Mendag Minta Perancis Batalkan Pajak Progresif Minyak Sawit

32
Mendag Thomas T. Lembong, saat menerima kunjungan Duta Besar Prancis untuk Indonesia, Corrine Breuze.

JAKARTA-Menteri Perdagangan (Mendag) Thomas Trikasih Lembong akan bertemu dengan sejumlah pihak di Prancis, termasuk parlemen Prancis terkait rencana pemberlakuan pajak progresif minyak kelapa sawit yang diatur dalam Amandemen No.367 dan diadopsi Majelis Tinggi Legislatif Prancis pada 21 Januari 2016. “Kami secara resmi minta Pemerintah dan Parlemen Prancis membatalkan amandemen ini.

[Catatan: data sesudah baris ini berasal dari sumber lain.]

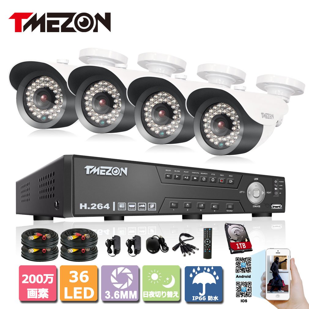 4 cameras + 4 ch 1080 N recorder (with 1 TB HDD)
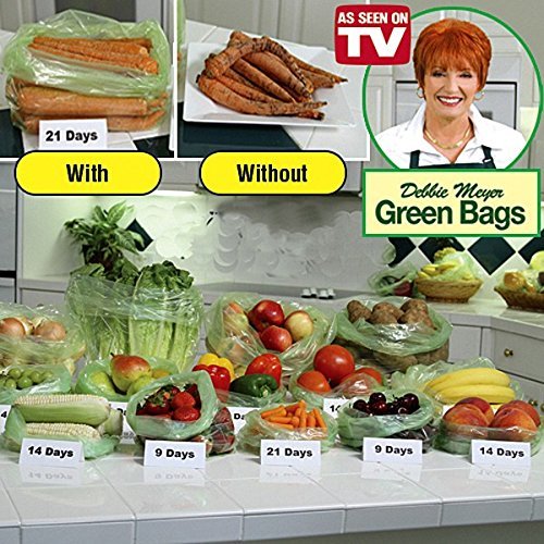 Help preserve the freshness and prolong the life of fruits, vegetables, baked goods and snacks with this revolutionary set of Debbie Meyer Greenbags. Debbie Meyer GreenBags are reusable up to 8-10 times, saving you money versus conventional produce bags. Every GreenBag is 100% BPA free. Designed to keep certain produce fresh for approximately 30 daysGreenBags keep produce fresh for up to 30 days, and reduce vitamin loss by up to 50% by preventing excess moisture. Keep food fresher, longer, to save money and reduce waste.

Saya optimis Pemerintah dan Parlemen Prancis mau menjaga hubungan kerja sama perdagangan ini secara baik dan bersedia mendengarkan suara kami,” tegas Mendag Thomas Lembong, sebelum berangkat.

Rencananya Majelis Nasional Prancis akan memutuskan amandemen ini menjadi undang-undang pada 15 Maret 2016. Namun Indonesia berpendapat bahwa pemberlakuan pajak progresif pada kelapa sawit tersebut akan melanggar prinsip-prinsip national treatment dan non-discrimination sebagaimana diatur dalam WTO General Agreement on Tariffs and Trade 1994.

Pajak tinggi ini ditujukan hanya pada produk minyak sawit tetapi tidak pada produk minyak nabati lainnya seperti minyak bunga matahari, minyak jagung, ataupun rapeseed oil.

Dalam draf Amandemen No. 367 disebutkan, produk yang mengandung palm oil, palm kernel oil, dan coconut oil akan dikenakan pajak yang akan meningkat secara progresif.

Dimulai pada 2017, pajak yang akan dikenakan adalah sebesar EUR 300 per ton dan akan terus meningkat menjadi EUR 900 pada 2020. Bahkan setelah tahun 2020, pajak ini akan terus dinaikkan. Sebagai gambaran, harga minyak sawit dalam beberapa tahun terakhir berada pada kisaran EUR 550 per ton, sehingga pengenaan pajak progresif hingga mencapai EUR 900 per ton dapat dipandang sebagai langkah diskriminatif agar importir, pengguna, dan konsumen minyak kelapa sawit beralih ke minyak nabati lainnya yang diproduksi di Prancis dan negara Eropa lainnya.

Thomas mengungkapkan, Prancis telah menandatangani Amsterdam Declaration in Support of a Fully Sustainable Palm Oil Supply Chain by 2020.

Dengan menjadi bagian dari Amsterdam Declaration semestinya Prancis mendukung negara-negara eksportir minyak sawit untuk menerapkan sistem Sustainable Palm Oil sebagaimana sudah diterapkan Indonesia melalui Indonesian Sustainable Palm Oil (ISPO). “Saya berharap Pemerintah Prancis menunjukkan sikap tegas menolak amandemen ini, ” lanjut Thomas.

Sebelumnya, Thomas juga telah bertemu dengan Duta Besar Prancis untuk Republik Indonesia Corinne Breuzé pada 4 Februari 2016 di Jakarta.

Menurut Mendag, jika Amandemen No. 367 terhadap Undang-Undang Tentang Keragaman Hayati dilanjutkan, maka akan berdampak pada PDB Indonesia karena sektor ini menyumbang 1,6% terhadap pertumbuhan ekonomi Indonesia. Kebijakan yang diskriminatif itu juga akan mempengaruhi kehidupan 16 juta pekerja langsung dan tidak langsung di sektor ini, dan sekitar 61 kota di Indonesia yang bergantung pada kegiatan di sektor sawit. “Kelapa sawit merupakan salah satu komoditas ekspor Indonesia terpenting dengan kontribusi sebesar USD 19 miliar per tahun. Jika amandemen diberlakukan, dampaknya cukup besar bagi Indonesia,” pungkasnya.